Sometimes to those around us, and sometimes even to ourselves this may
not seem reasonable, but real faith sometimes enables us to see what others
cannot immediately discern, it enables us to see beyond the simple facts.
Our Episcopal
commitment to reason notwithstanding, it is important to grasp a firm hold on
this biblical understanding of faith, because the call of the Gospel, the call
of the entire Judeao-Christian tradition is to relationship – relationship with God, relationship with others; and for real
relationship to flourish we need trust, we need faith. Faith is not about ignoring the facts, but
about trusting the promises made by someone we know to be reliable, and knowing
that sometimes – even oftentimes – simple, easily
discernible facts do not tell the whole story.
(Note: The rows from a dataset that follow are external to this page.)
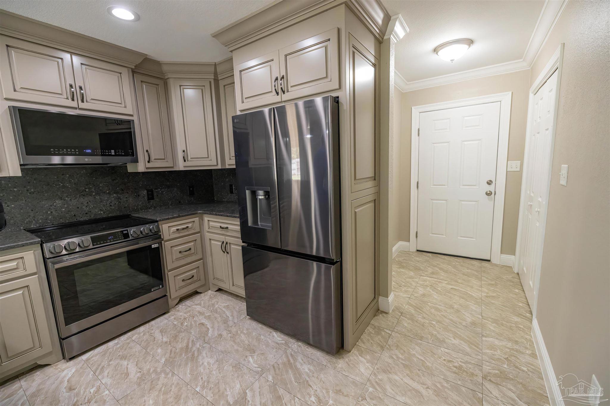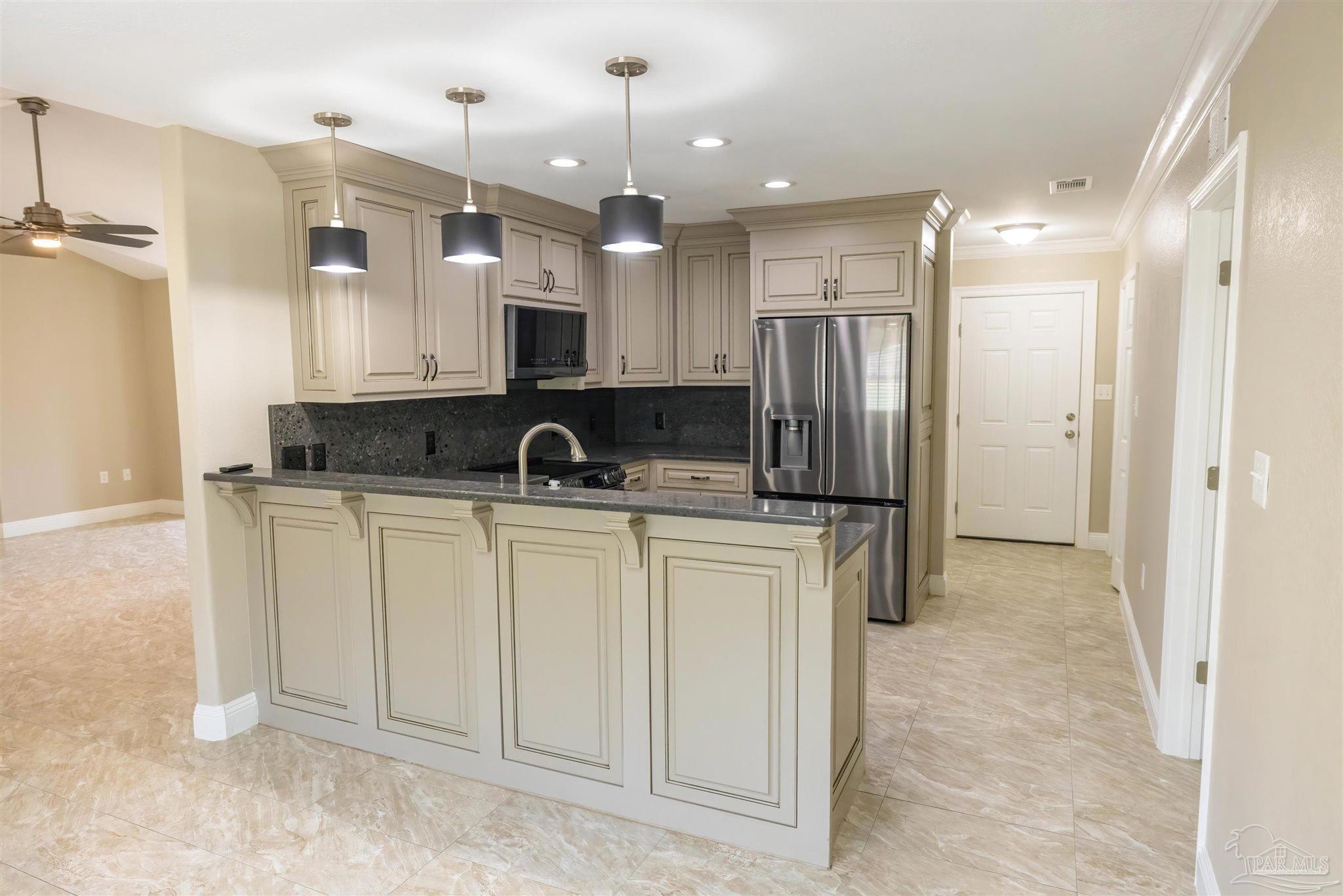 Welcome to your dream home! No detail was overlooked in this complete luxury renovation. This residence features all new impact-rated windows, doors, and garage door, offering peace of mind and energy efficiency. Step inside to discover brand-new flooring, elegant lighting fixtures, and beautifully designed bathrooms that exude sophistication and style. The kitchen boasts all-new custom cabinets and stainless-steel appliances, including a counter-depth refrigerator, and induction stove. New roof, HVAC system and tankless water heater ensure years of worry-free living. Safe, convenient neighborhood close to excellent schools, this home sits on a large lot with a privacy-fenced yard. Experience the ideal combination of luxury, comfort and practicality all in one incredible home.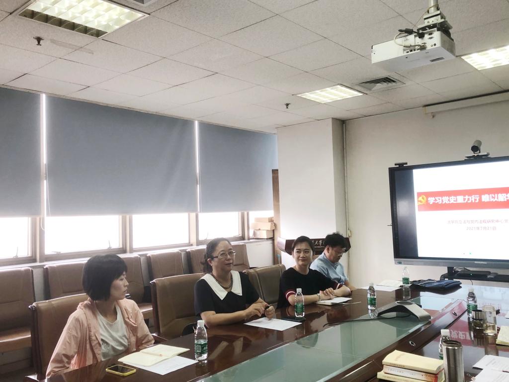 7月21日下午,法学院立法与党内法规研究中心党支部举办“学习党史重力行,唯以韶华答时代”主题党日活动,校党委常委、学科办主任别朝红教授应邀参加,法学院党总支书记王保民教授、法学院副院长丁卫副教授、党总支委员吉兰湘老师到会参加,组织部石桥老师应邀列席会议。会议由支部书记杜军强副教授主持,支部老师和博士生党员参加了会议。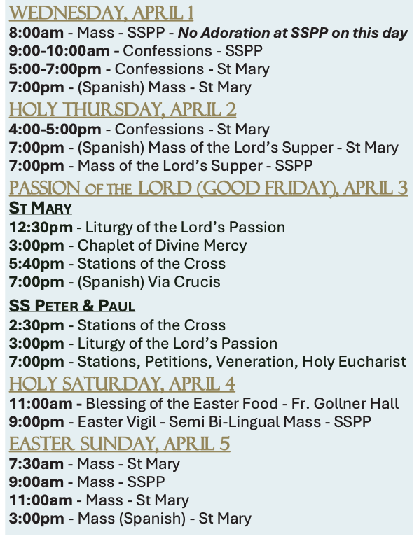 WED(SSPP) & FRI(St. Mary)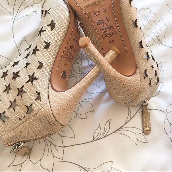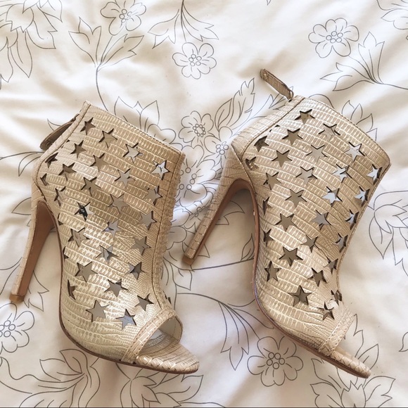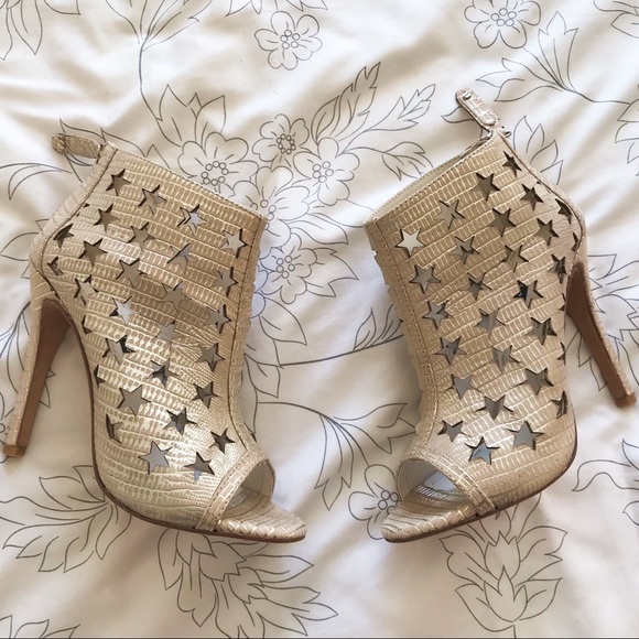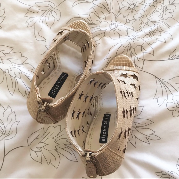 NWOB Alice + Olivia Giovanna star cutout booties- style name: “Giovanna”- marked as a size 35, which is a 5- vero cuoio genuine leather- subtle pale gold with interesting metallic finish throughout- laser cut stars- peep toes- zipper back- approx. 4” tall stiletto heel- new without box, tried on a few times but never wornUnsure if I am ready to let go so fairly firm on price.Tags: star shoes, star booties, celestial booties

The facts do not tell the whole story of Abraham and Sarah, neither do
they tell the whole story of those for whom the letter to the Hebrews was
written. Indeed, it is their faith,
their trust, which makes any sense of the facts as they are, which makes any
sense of conventional belief. For
Christians, faith allows us to go beyond conventional believing and by trust
enables us to hold on to a promised reality, regardless of immediate
appearances. It teaches us to hope in
the midst of seeming hopelessness, and allows us to learn a new criteria for
making sense of the world and of our lives, as we move into closer relationship
with God, and into the paradigm of God’s perspective. The immediately discernible facts are never
the whole story, and at some point, if our commitment to the Christian life and
our relationship to God are to grow and deepen in maturity, we will simply have
to trust, make the leap of faith. And here
I must stop, I think, because I can not definitively tell you how to do that, much less can I tell you
what making that leap will look like or mean for you. The only way to discern that is in prayer as
we, like Abraham, go out into the open, risky spaces of our own lives – outside of ourselves and our neatly intellectualized facts – and listen to God’s vision for us.